Linux Cluster Disk Guide
The most important things to learn from this page:
- /home and
/share
partitions are backed up.
- /data and
/scratch
are not.
- The disk quota for temporary and guest accounts is 10GB.
This is a guide to issues with disk storage on the on the
Linux cluster.
- To find out how disks on one system can be accessed from another, see the automount page.
- To understand different partition names (e.g., why are there
/share
and /scratch
directories), see the disk sharing page.
- To learn about the server for temporary and guest accounts, see the student file server page.
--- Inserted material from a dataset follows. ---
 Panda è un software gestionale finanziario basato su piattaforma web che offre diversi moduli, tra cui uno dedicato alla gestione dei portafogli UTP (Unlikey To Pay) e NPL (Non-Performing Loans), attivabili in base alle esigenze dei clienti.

How much disk space do I have?
To find out how much disk space you have available, use the
df
command. You'll probably always want to use the
-h
option, so the sizes appear in human-readable form:
df -h
You'll almost certainly see disks in the list that are mounted via
automount. If you find the automounted disks to be distracting, add
-l
to the command:
df -hl
Bear in mind that you
don't want to use the
-l
option if your home directory is not on the machine to which you've logged in. (As of Jan-2017, this mainly applies to ATLAS users logged onto
xenia
.)
Here's the result of executing
df -hl
on the machine
tanya on 28-Jan-2017:
Filesystem Size Used Avail Use% Mounted on
/dev/mapper/VG-root 20G 9.2G 9.5G 50% /
tmpfs 494M 760K 493M 1% /dev/shm
/dev/md0 461M 98M 340M 23% /boot
/dev/mapper/VG-home 50G 16G 32G 33% /home
/dev/mapper/VG-data 222G 6.1G 205G 3% /data
If we ignore partitions that relate to the operating system, we're left with two key user-accessible filesystems:
/home
and
/data
. (Many systems have other key partitions, such as
/share
and
/scratch
.)
It's not much
Your first reaction may be: "There's not much disk space for my home directory, and I have to share that space with other people in the collaboration. Why, my watch has more storage than that!"
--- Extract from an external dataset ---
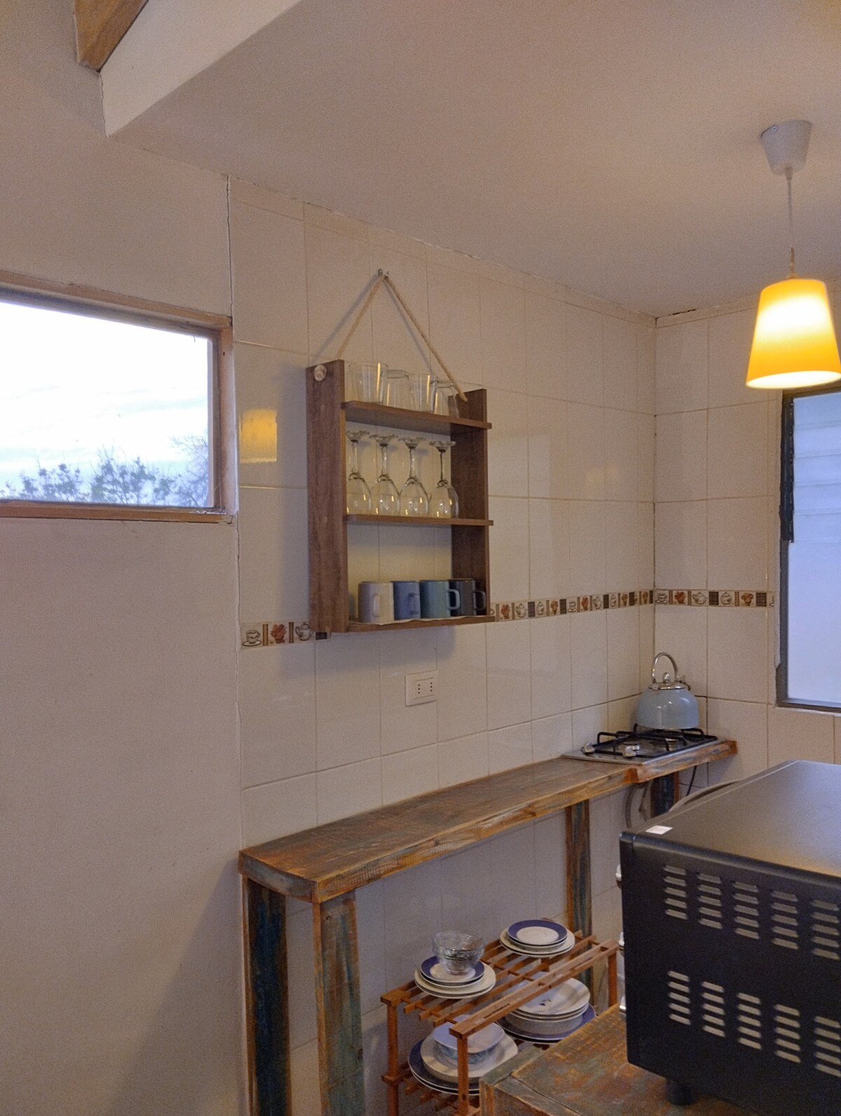 Private rustikal-moderne Hütte 2 Blocks vom Plaza de Pisco Elqui entfernt, in der Nähe von Restaurants und Geschäften. Privater Parkplatz. 1 Schlafzimmer mit eigenem Bad, 1 Doppelbett (Bettwäsche, Decken, Bettdecke, Kissen und Kissen). 1 Nachttisch, 1 Lampe, 2 Bettvorleger, Sofa, restaurierte antike Möbel und 1 Bluetooth-Lautsprecher. 1 Elektroherd für den Winter. Küche, Geschirrspüler und Minibar auf der Terrasse (Töpfe, Geschirr, Besteck, Teekanne usw.) und Holzkohlegrill. Rundherum viel Vegetation.

You're right. It's intended that the
/home
be used for "source" files (program code, scientific papers, plots, etc.);
/data
or
/scratch
should be used for large and re-creatable files (compiled binaries, data summaries, temporary work files, etc.). We have to ask you to use judgement and discipline, and to be aware that you're sharing space with your fellow scientists.
If you're just skimming this page, stop and read this
The reason why
/home
is small and
/data
is big is that the
/home
partition is backed up;
/data
is not. In fact, it goes one step further: the
/data
partition is always considered expendable for any type of system maintenance activity. If a system is being repaired, upgraded, or restored, the
/data
partition may be erased.
There's more about this in the section on backups below.
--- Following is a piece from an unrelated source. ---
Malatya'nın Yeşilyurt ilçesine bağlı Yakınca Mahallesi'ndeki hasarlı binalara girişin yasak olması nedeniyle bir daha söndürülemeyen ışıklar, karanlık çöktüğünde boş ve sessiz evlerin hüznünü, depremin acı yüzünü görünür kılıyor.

What do I do if I need more disk space?
First, look to
/data
partitions on other systems in your working group. The
/data
partitions on all the systems that belong to a group are intended to be a shared resource; if you don't have enough space on
/nevis/yourmachine/data
,
cd /nevis/othermachine/data
in your group and see how much free space it has.
I strongly advise you to exercise common courtesy as you're scrounging for disk space. If I found someone had used a big chunk of my server's
/data
partition without asking, I might be annoyed.
If you still don't have enough disk space on all your group's machines to satisfy your needs, you may have to request more disks be added to the existing systems (or buy a new box).
Backups
The Nevis Linux cluster is backed up nightly onto
shelley, the Nevis backup server.
For speed, we don't copy every file from every system; we use a program called
rsync
to copy over only those files that have changed since the day before.
We don't back up every file on every system on the cluster. The policy is: the
/home
partition and
/share
partitions are backed up;
/data
is not. There is a web page that contains the
list
of which partitions are backed up.
We maintain previous versions of old files on
shelley. (Actually we do an incremental
tar
of the disk images after the
rsync
procedure has run for all the machines in the cluster.) This means we can recover old versions of files if necessary. However, there's a time limit: we only keep old file versions for
10 days. We cannot recover files that were deleted or overwritten prior to that.
Long-term data storage
For the purposes of this section, "long-term" means more than six months or so.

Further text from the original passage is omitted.